Monday, October 12, 2009

Reflections on a Cold October Morning...

I had to give my nephew a hand yesterday, helping to deliver his Sunday newspapers. I know, the print media is going the way of the dinosaurs, but in a way, it's still nice to know that a quaint notion like 'the Paperboy' still exists, somewhere.

Anyways, the work itself is not terribly difficult, just time consuming (particularly the piecing together of the Sunday Staten Island Advance, a process which has not changed since I did it as a teenager). You get your news section and your color insert (the one with the coupons, the Parade magazine, and the special features section) and you have to manually combine the two into a full paper before you deliver them. A messy job, indeed. Especially to deliver something that people could get for free online. Still, the kid has a job, and it builds character and all that, so let's not burst the bubble.

Well, there we were, walking the streets of New Dorp just before sunrise, a crisp October chill in the air. My nephew hates delivering the papers on Sunday mornings because this area of Staten Island has large wooded sections, and these wooded areas hide all manner of ferocious beast like raccoon, possum and the occasional deer. In New York City, this represents the untamed jungle. My nephew is afraid of encountering possum and raccoons in the dark, and I don't blame him, as they can be nasty. Since his parents were not around this weekend (another nephew was playing in a baseball tournament in Maryland), it fell to me to escort the lad on his appointed rounds.

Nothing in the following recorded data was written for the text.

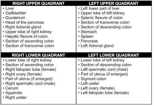 The above lines intersect and divide the abdomen into four quadrants (clockwise from the top)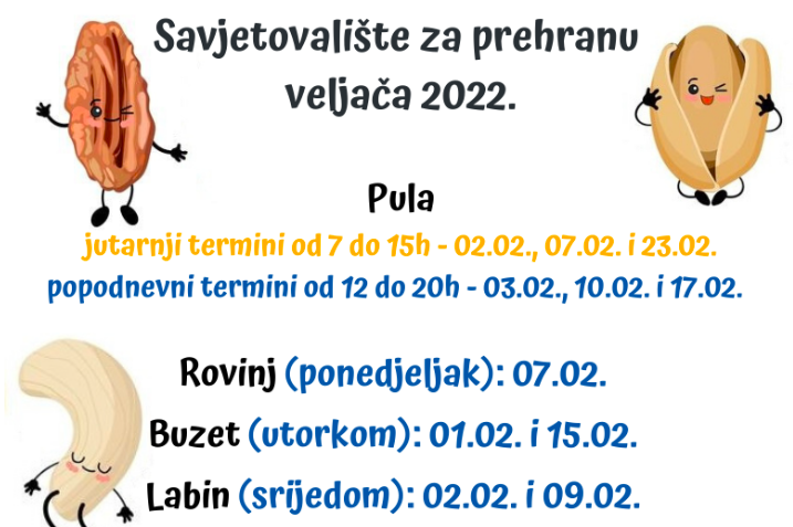U veljači će Savjetovalište raditi u srijedu 9. veljače od 13.00 do 19.00 sati, a više informacija o Savjetovalištu za prehranu možete dobiti na tel. 052/529-022, 099/380-4545 ili e-mail: savjetovaliste@zzjziz.hr te facebook stranici.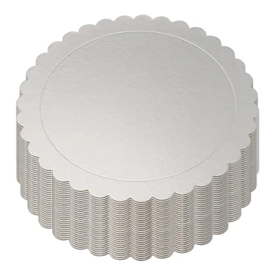 PRACTICAL MATERIAL - This round cake boards are made of corrugated cardboard, laminated to ensure a firm and stable cake base, not easy to deform or break, which can sturdily support a variety of cakes and pastries without worrying about the cake collapsing. WHAT YOU GET - A set of 30 scalloped cake boards, each 8 inches in diameter and up to 2 millimetres thicker than other cardboard cake pans, strong enough to withstand varying weights of cake and ensure your baking creations remain intact. EASY TO USE - Not only does the 1400gm cardboard cake base board easily support your cake while remaining lightweight and portable, it also makes it easy to move the finished product to a display tray or cake box, providing you with extra convenience. VERSATILE APPLICATIONS - The small circle cake board is perfect for serving a variety of flavours of cakes, fruits, pizzas and homemade desserts at birthdays, weddings, business dinners or other events, making it an ideal choice for professional bakers and home bakers alike. EXQUISITE APPEARANCE - There lace design on the bottom of the silver cake board round looks more sophisticated and adds a unique and stylish element to the overall design, injecting more artistry into your baking creations and making them more attractive to display and serve.

It was colder than a witch's tit in brass bra. Even with my fleece on, I was shivering. I didn't get a chance to take a travel mug with coffee with me, either. The ground was wet and a bit slippery from the frost, and if you weren't slipping on that, then you were sliding on all the wet leaves that have fallen. You could smell woodsmoke someplace. Someone in the neighborhood has a wood-burning stove or a fireplace, I gather.

The work is rather boring, in and of itself. I mean, how much is there to delivering newspapers? Still, it was fun; my nephew has a remarkable sense of humor for an 11-year old, and he's a great kid who is forever asking me questions (many of which are perhaps best left to his parents to answer, but I don't mind giving him the truth as I see it). He's a wonder; bright, inquisitive, funny. I love the hell out of him, and even if it is a pain in the ass to deliver a bundle of dead wood pulp in the cold darkness of a Sunday morning, I still had a great time.

In a way, it's sort of good that people still want a Sunday paper, something solid and tangible in their hands, even if they could get their news for free on the Internet. For many years now, I've been incapable of enjoying the simple pleasures in life, primarily because I have been focused on 'The Big Picture' (or what I thought was the big picture, anyway). But yesterday, shivering, laughing with an 11-year old, doing physical labor in the dark, I had a thought for a moment that there really is no Big Picture. That life is merely a continuous run of Smaller Pictures run end-to-end, and that the idea was to glean from them what you could before they passed by in rapid succession. Maybe now, in my dotage and declining years, I've finally learned how?